Curious if there are any members of this board who live in CT and are interested in working together on commercial haunt and/or help with home haunt? 

Already have home haunt, but am looking to go to next level. I'm in negotiation with two local attractions...

Thanks...


----------



## trishaanne (Aug 20, 2005)

I would love to be able to help you out..that sounds like a haunters dream come true. If you were in NJ we could talk but this is just a little far to commute. Good luck though!


----------



## GraveStalker (Apr 19, 2006)

*Ct???*

Thanks for your response. It is a dream come true!!! The park really wants to move forward and I want to stop having so many people coming to my home haunt. It's a blank canvas and I'm hoping to find others to collaborate with (like yourself) who share the love of the industry.

Do you get involved with anything haunted in NJ?

BTW, Nothern NJ's not that far - we could put you up in a coffin :xbones:


----------



## Faustian_Pact (Apr 19, 2006)

Good luck!!


----------



## trishaanne (Aug 20, 2005)

OOOOOOHHHHHHH, sleeping in a coffin!!!!! How wonderfully tempting!

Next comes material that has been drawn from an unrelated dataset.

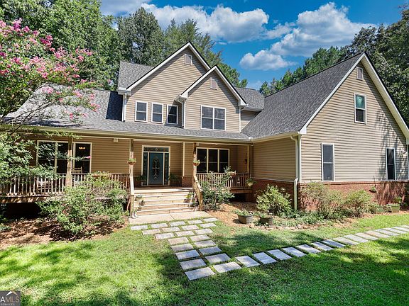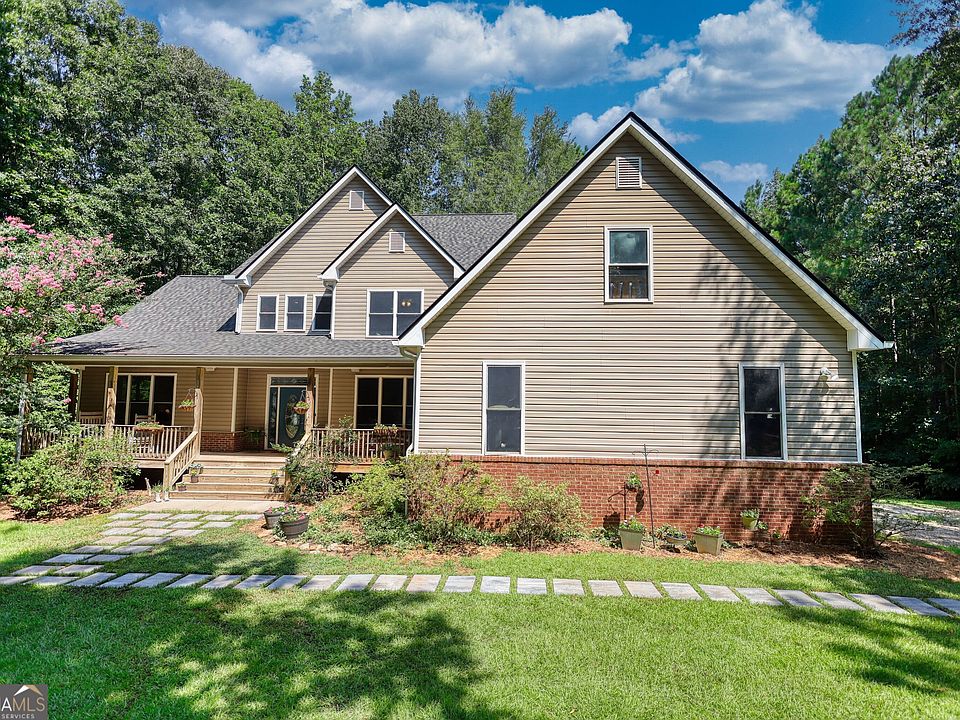 Entertainer's Dream on 5 Private Acres - Custom Built, One-Owner Home. Welcome to this one-of-a-kind, custom-built retreat designed for comfort, entertaining, and serene living. Privately tucked away on 5 acres, this spacious home offers unmatched tranquility while remaining just 15 minutes from the heart of Covington. As you stroll up the walkway a large rocking chair front porch invites you to relax and soak in the peaceful surroundings and morning sun. Inside, you're greeted by a two-story foyer with real hardwood floors and a formal dining room, flowing seamlessly into the impressive two-story living room filled with natural light and huge windows throughout. The show-stopping floor-to-ceiling stone wood-burning fireplace features dual chimneys, with provisions already in place to add a second fireplace in the basement. A whole-house sound system adds to the ambiance, perfect for entertaining. The open kitchen is a chef's delight with abundant cabinetry, a pantry, breakfast bar, coffee station, and breakfast area with French doors opening to the back deck. Enjoy your morning coffee overlooking the wooded, fenced backyard, ideal for pets and outdoor gatherings. The main level also features a spacious primary suite with new high-end carpeting and French doors leading to a luxurious bath complete with his-and-hers vanities, whirlpool tub beneath a picture window, a new subway tile shower, and dual walk-in closets. A guest half-bath in the foyer and a mudroom/laundry area connect to the oversized two-car garage. Upstairs, you'll find two large bedrooms plus a huge bonus room-perfect as a fourth bedroom (which is the current situation), media room, or playroom. New carpet throughout, plus a full bath with a double vanity. The full, partially finished basement offers incredible flexibility-with structural steel beams already in place for future open-concept finishing. A fully insulated space with a home office, gym area, and stubbed-in plumbing for a bathroom make this a dream space to customize. The basement has poured concrete walls, waterproofing, and an exterior French drain, ensuring year-round comfort and dryness. Plenty of storage, in the basement you'll also find that the seller has already purchased a good bit of sheetrock to get that basement finished! Peaceful setting far off the road with unmatched privacy. This home blends thoughtful custom details, modern upgrades, and timeless charm-perfect for families, entertainers, or anyone seeking space and serenity. Septic has been pumped and new drain fields installed and home is scheduled for drilling of a brand new well in the next couple weeks. Roof is two years old. Easement already in place for driveway although seller currently uses shared drive with adjacent property. Schedule your private showing today-homes like this don't come around often!

Unfortunately, I'm in central Jersey, at the shore as it's so eloquently put. I have a home haunt here with a walkthrough maze in the back yard. There is a place down here I'd love to get my hands on but the only problem with it is that there is no parking at all in the area. Other than that, it would be perfect. I really wish there was some way to help you out with this.


----------



## Death's Door (Mar 22, 2006)

Hey trishanne, which part of the shore. I spend time in Cape May and sometimes Wildwood. I'm south jersey.


----------



## trishaanne (Aug 20, 2005)

I'm in Monmouth County, near Asbury Park, Belmar, Avon. Exit 100 off the Parkway. You should come join us at the next BBQ in July.


----------



## TipoDeemin (Oct 8, 2005)

Man, I wish I was close enough to help...  I'll, uh, send positive vibes across the states to you?


----------



## GraveStalker (Apr 19, 2006)

Thanks everyone for the well wishes...

Trishaanne - have you considered setting up a shuttle to a remote parking lot? Hire/rent a bus and throw a few actors in the mix to make it a most memorable ride. :xbones:


----------



## Zombie-F (Apr 12, 2004)

Welcome aboard, enjoy your stay.


----------



## grim reaper (Aug 18, 2005)

hope all goes well if i dint live so bloody far away i would help out, with my little knoledge lol best wishes on getting it up to the next level


----------